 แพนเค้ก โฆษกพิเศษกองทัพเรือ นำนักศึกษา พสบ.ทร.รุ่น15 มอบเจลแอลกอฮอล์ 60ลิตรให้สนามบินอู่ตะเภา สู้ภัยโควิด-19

——————

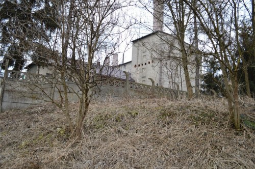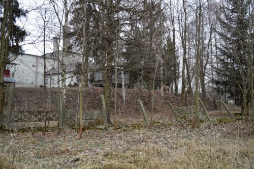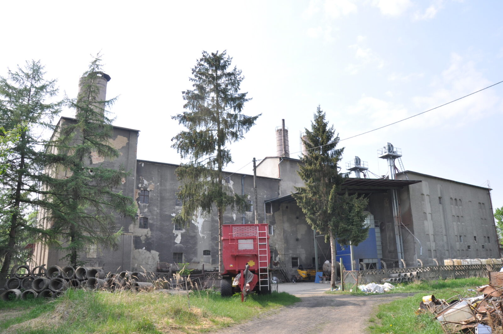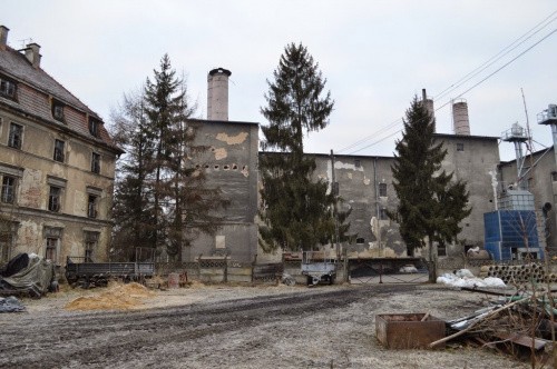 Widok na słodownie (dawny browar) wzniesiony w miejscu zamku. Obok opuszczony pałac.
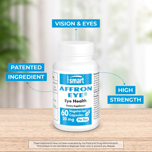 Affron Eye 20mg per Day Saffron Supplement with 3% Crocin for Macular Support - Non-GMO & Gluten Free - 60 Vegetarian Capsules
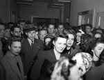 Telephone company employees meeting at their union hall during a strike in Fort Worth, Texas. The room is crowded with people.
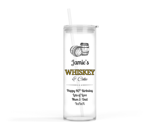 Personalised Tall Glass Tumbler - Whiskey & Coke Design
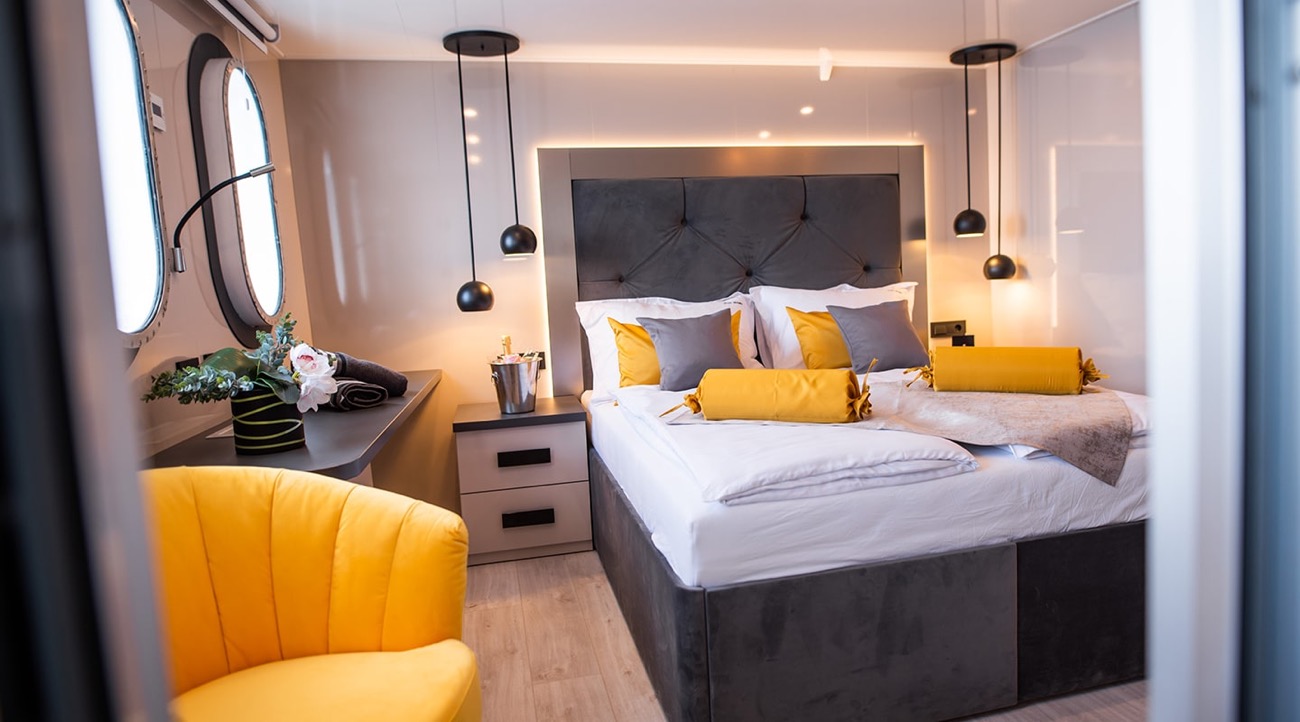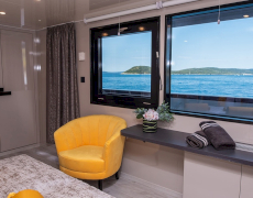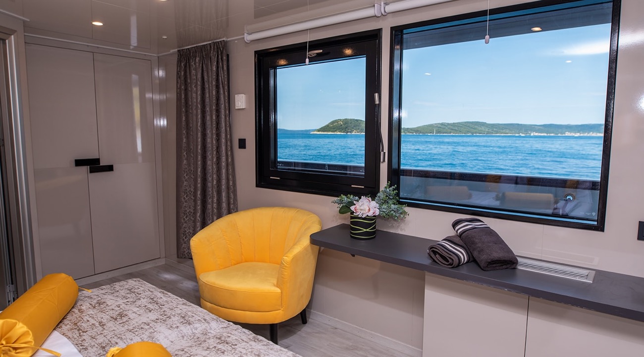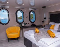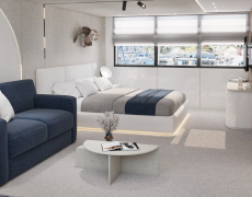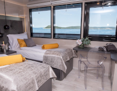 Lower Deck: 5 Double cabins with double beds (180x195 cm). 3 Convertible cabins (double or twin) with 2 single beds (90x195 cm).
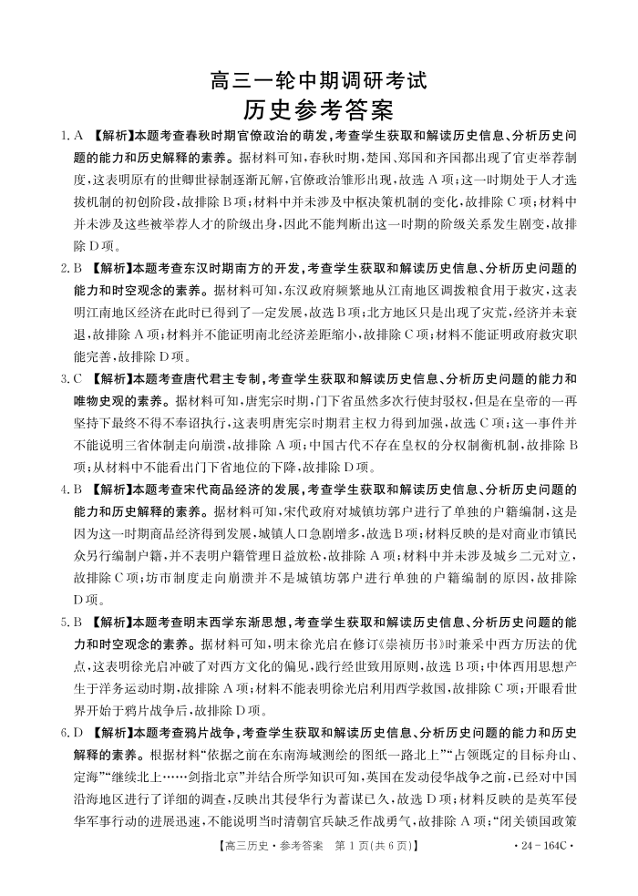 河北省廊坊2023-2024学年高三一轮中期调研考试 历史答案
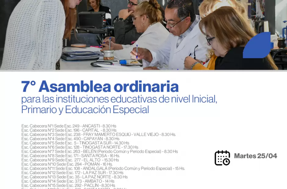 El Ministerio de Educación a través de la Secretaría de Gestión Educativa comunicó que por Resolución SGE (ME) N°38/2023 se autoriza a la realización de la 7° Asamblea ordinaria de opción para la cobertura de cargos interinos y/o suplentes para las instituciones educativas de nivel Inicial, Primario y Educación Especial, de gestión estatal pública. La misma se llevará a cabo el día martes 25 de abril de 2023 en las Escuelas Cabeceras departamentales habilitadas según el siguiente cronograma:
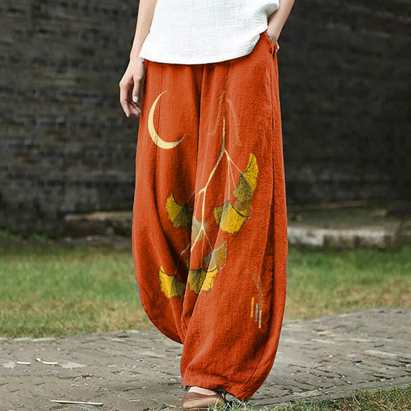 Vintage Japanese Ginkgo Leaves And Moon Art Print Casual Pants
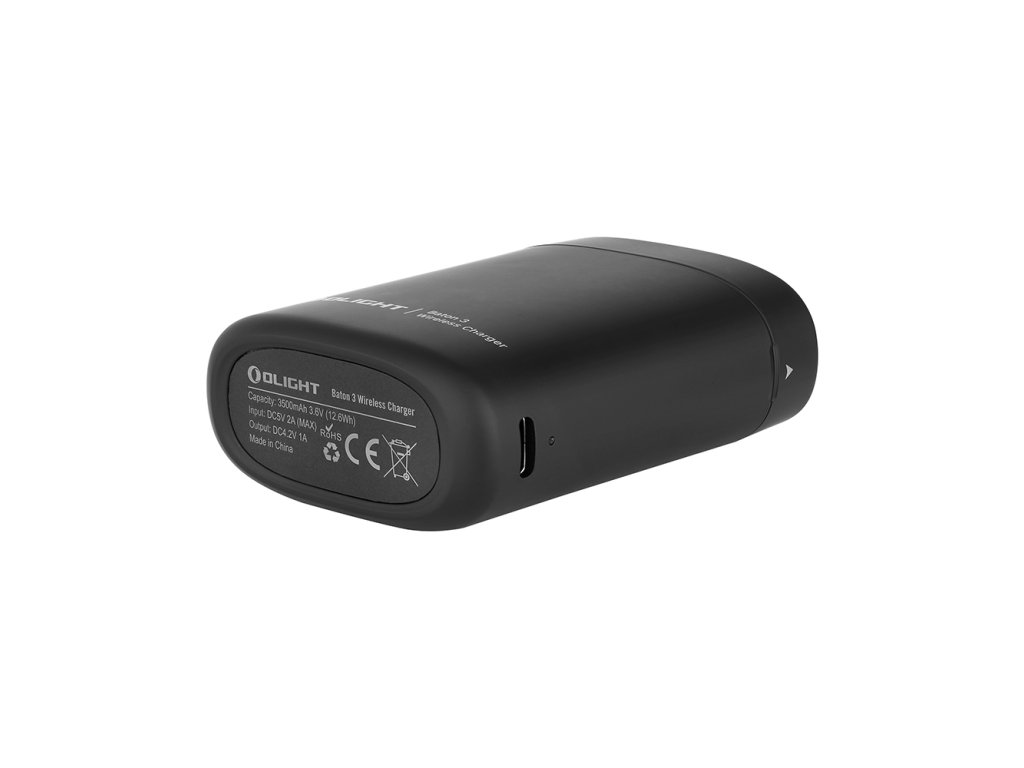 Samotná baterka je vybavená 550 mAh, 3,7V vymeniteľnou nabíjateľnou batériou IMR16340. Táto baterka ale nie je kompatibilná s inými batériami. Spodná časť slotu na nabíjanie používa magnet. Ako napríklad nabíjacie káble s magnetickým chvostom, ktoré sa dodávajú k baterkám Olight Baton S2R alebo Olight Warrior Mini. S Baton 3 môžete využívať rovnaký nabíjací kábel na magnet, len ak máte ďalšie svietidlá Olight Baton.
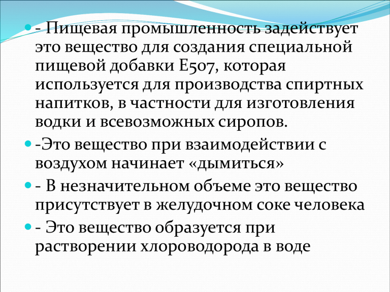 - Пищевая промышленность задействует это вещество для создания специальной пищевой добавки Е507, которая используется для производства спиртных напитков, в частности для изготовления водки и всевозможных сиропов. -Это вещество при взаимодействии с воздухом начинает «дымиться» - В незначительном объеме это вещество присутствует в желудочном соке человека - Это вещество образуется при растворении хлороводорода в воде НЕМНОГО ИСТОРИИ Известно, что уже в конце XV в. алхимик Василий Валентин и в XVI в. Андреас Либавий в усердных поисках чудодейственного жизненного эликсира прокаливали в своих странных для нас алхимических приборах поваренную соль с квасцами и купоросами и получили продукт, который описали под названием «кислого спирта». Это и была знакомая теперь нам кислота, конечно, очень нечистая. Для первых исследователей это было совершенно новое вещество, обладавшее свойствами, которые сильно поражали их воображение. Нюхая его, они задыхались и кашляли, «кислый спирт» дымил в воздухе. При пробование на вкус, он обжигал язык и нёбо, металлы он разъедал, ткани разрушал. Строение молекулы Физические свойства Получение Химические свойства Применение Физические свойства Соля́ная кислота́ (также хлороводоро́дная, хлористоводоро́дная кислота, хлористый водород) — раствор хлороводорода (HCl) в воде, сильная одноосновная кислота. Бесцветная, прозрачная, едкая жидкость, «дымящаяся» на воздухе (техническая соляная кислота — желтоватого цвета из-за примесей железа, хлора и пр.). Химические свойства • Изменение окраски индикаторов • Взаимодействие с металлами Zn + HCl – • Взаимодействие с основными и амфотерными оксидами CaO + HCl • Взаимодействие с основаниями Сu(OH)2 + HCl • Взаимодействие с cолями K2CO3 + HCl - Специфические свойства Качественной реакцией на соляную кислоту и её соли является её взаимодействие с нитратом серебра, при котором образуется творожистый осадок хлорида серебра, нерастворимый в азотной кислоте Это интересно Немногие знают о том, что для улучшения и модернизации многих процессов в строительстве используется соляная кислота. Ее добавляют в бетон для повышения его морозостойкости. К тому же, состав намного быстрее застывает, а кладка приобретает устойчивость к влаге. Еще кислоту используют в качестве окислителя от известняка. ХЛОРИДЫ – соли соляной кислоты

——————

Starting at the line above that holds "Widok na słodownie", repeat every line exactly down to and including the line that holds "Personalised Tall Glass", then stop. Do not carry over any pictures.

**Solution for this problem:**
 Widok na słodownie (dawny browar) wzniesiony w miejscu zamku. Obok opuszczony pałac.
 Affron Eye 20mg per Day Saffron Supplement with 3% Crocin for Macular Support - Non-GMO & Gluten Free - 60 Vegetarian Capsules
 Telephone company employees meeting at their union hall during a strike in Fort Worth, Texas. The room is crowded with people.
 Personalised Tall Glass Tumbler - Whiskey & Coke Design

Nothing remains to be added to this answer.